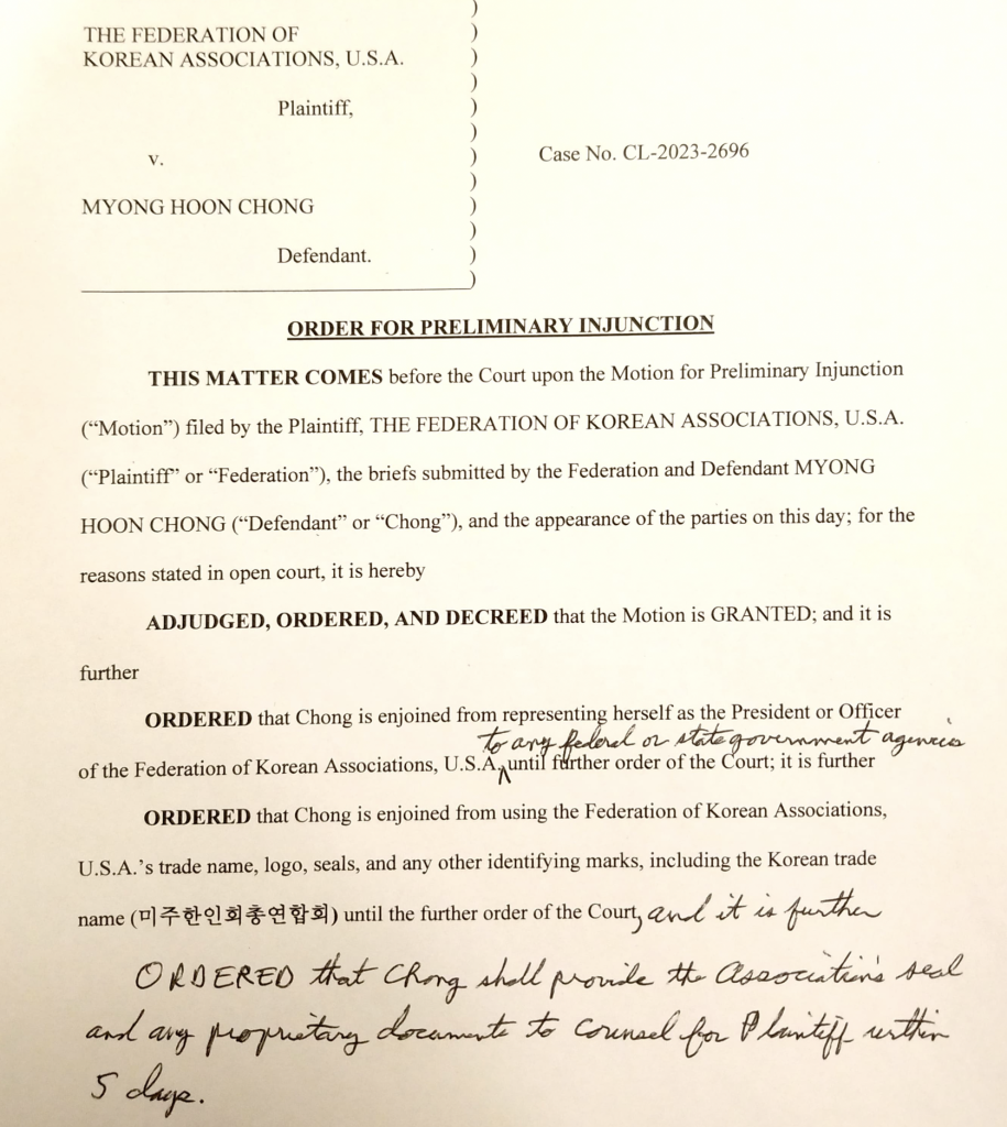 양측의 접점을 찾지못한 갈등은 결국 법정으로 이어졌고 버지니아 법원은 국승구 회장 측이 제기한 임시가처분 신청을 받아들이면서 정명훈 총회장은 미주한인회총연합회 명칭과 로고, 깃발 모든 것을 한동안 사용할 수 없게 됐다.
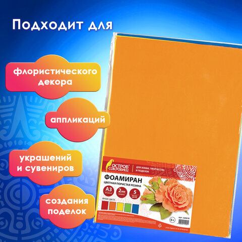 Пористая резина/фоамиран А3, 2 мм, НАБОР, 5 листов, 5 цветов, яркие цвета, ОСТРОВ СОКРОВИЩ, 660618
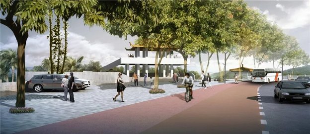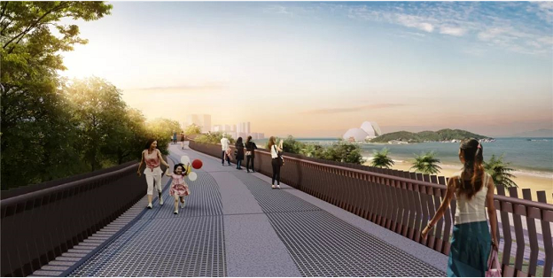 项目将景山公园与情侣路沿岸连接起来,从地面到空中,串联起山海资源与浪漫的滨海景观。与此同时,打通车行及人行通道,形成人行立体交通,可杜绝行人横穿马路。
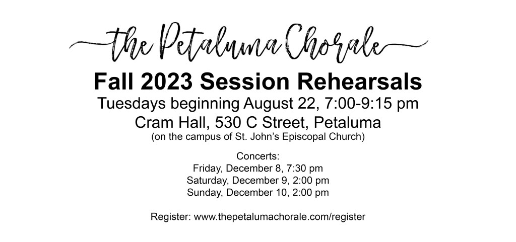 The Petaluma Chorale is a mixed vocal ensemble dedicated to the art of superior choral singing, including formal, jazz, Broadway and other contemporary styles. The Petaluma Chorale presents biannual concerts in the Fall and Spring. New members are always welcome! A simple audition is required for new members (or returning members who've not sung with group in two years or more) in order to place them into the proper section within the chorus. Ability to read music is helpful but not required. View more posts
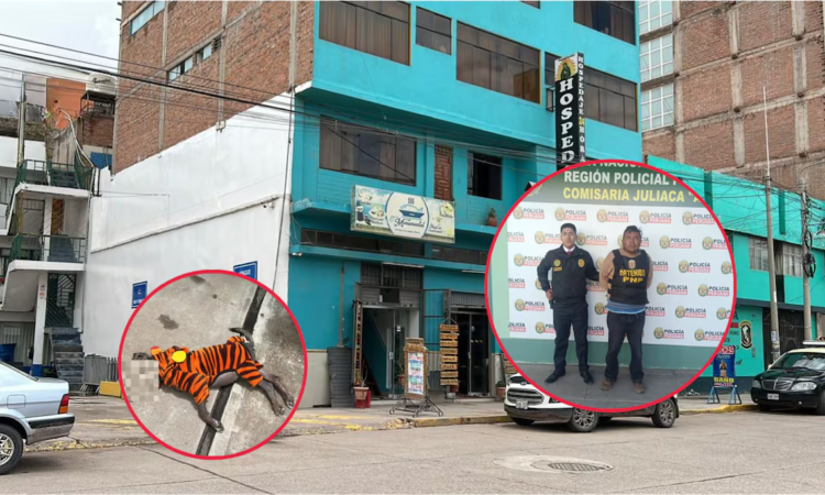 El personal policial de la comisaría de Juliaca detuvo a un sujeto acusado de lanzar desde el quinto piso de un hospedaje a un perrito, causando la muerte instantánea del animal.
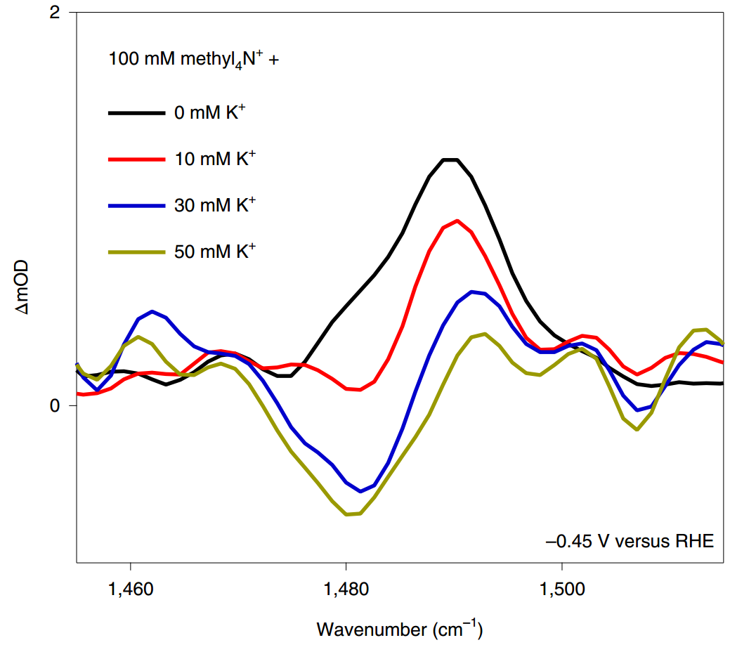 为了进一步证实吸附态K取代吸附态四甲基铵的结论,图4中,保持电极电位为-0.45 V,作者研究了在100 mM四甲基碳酸氢铵电解质中添加K+的影响。在电解质组合物中的-0.45 V处收集单束样品光谱,在所有没有K+情况下,单光束参考光谱是100 mM四甲基铵中+0.2 V界面的光谱。在没有K+的情况下,水合四甲基铵仅在~1,490 cm-1处出现正向峰。这些实验表明,吸附态K对吸附态四甲基铵的置换是负向带产生的原因,即~1,482 cm-1的带是吸附态K对应的光谱测量。
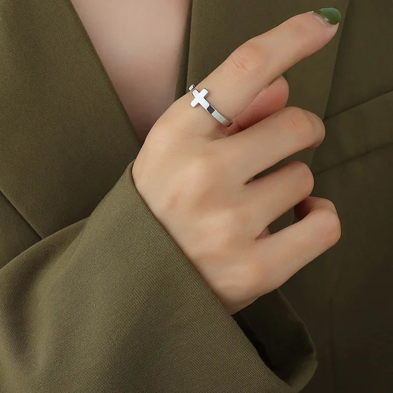 Anillo Cruz Plateado Acero Titanio
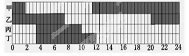 小题1:读图,图中每两个格表示1小时,所以可以判断昼长由长到短依次是丙、丁、乙、甲,开幕时是7月份,北半球是夏季,全球从南向北白昼时间逐渐增长。所以甲地从南向北排列正确的是甲、乙、丁、丙,选项D对。A、B、C错。
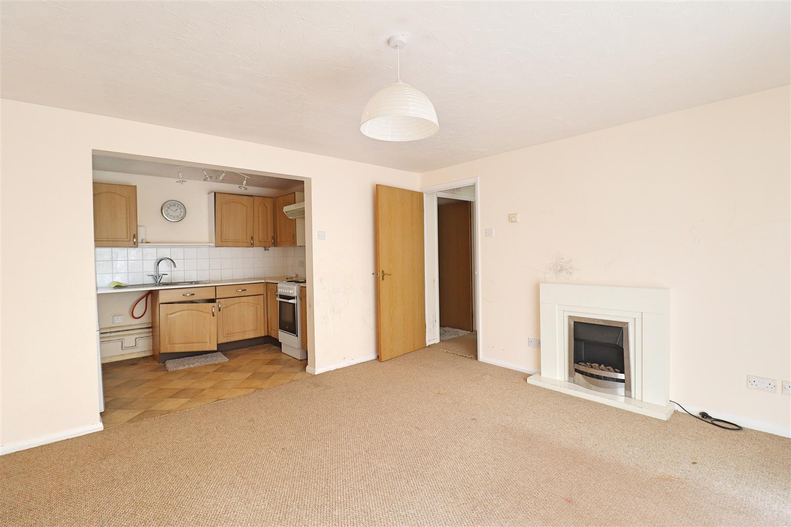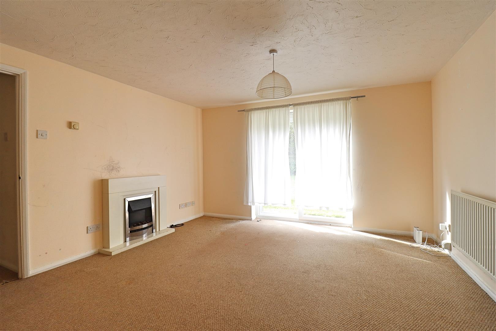 Carpet flooring, patio door to rear communal garden, radiator, open entrance to kitchen
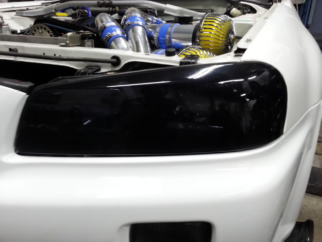 サーキット専用車なので飛び石の傷が付かない様に(クスミ隠しとも言うw)貼りましたが、レーシングカーみたいでカッコいいですね

--------------------------------------------------

TRY IT - The answer must be an exact copy of the lines above, from the start of the records through the line with "El personal policial", and of nothing else; no pictures belong in it.

THE ANSWER -
 양측의 접점을 찾지못한 갈등은 결국 법정으로 이어졌고 버지니아 법원은 국승구 회장 측이 제기한 임시가처분 신청을 받아들이면서 정명훈 총회장은 미주한인회총연합회 명칭과 로고, 깃발 모든 것을 한동안 사용할 수 없게 됐다.
 Пористая резина/фоамиран А3, 2 мм, НАБОР, 5 листов, 5 цветов, яркие цвета, ОСТРОВ СОКРОВИЩ, 660618
 项目将景山公园与情侣路沿岸连接起来,从地面到空中,串联起山海资源与浪漫的滨海景观。与此同时,打通车行及人行通道,形成人行立体交通,可杜绝行人横穿马路。
 The Petaluma Chorale is a mixed vocal ensemble dedicated to the art of superior choral singing, including formal, jazz, Broadway and other contemporary styles. The Petaluma Chorale presents biannual concerts in the Fall and Spring. New members are always welcome! A simple audition is required for new members (or returning members who've not sung with group in two years or more) in order to place them into the proper section within the chorus. Ability to read music is helpful but not required. View more posts
 El personal policial de la comisaría de Juliaca detuvo a un sujeto acusado de lanzar desde el quinto piso de un hospedaje a un perrito, causando la muerte instantánea del animal.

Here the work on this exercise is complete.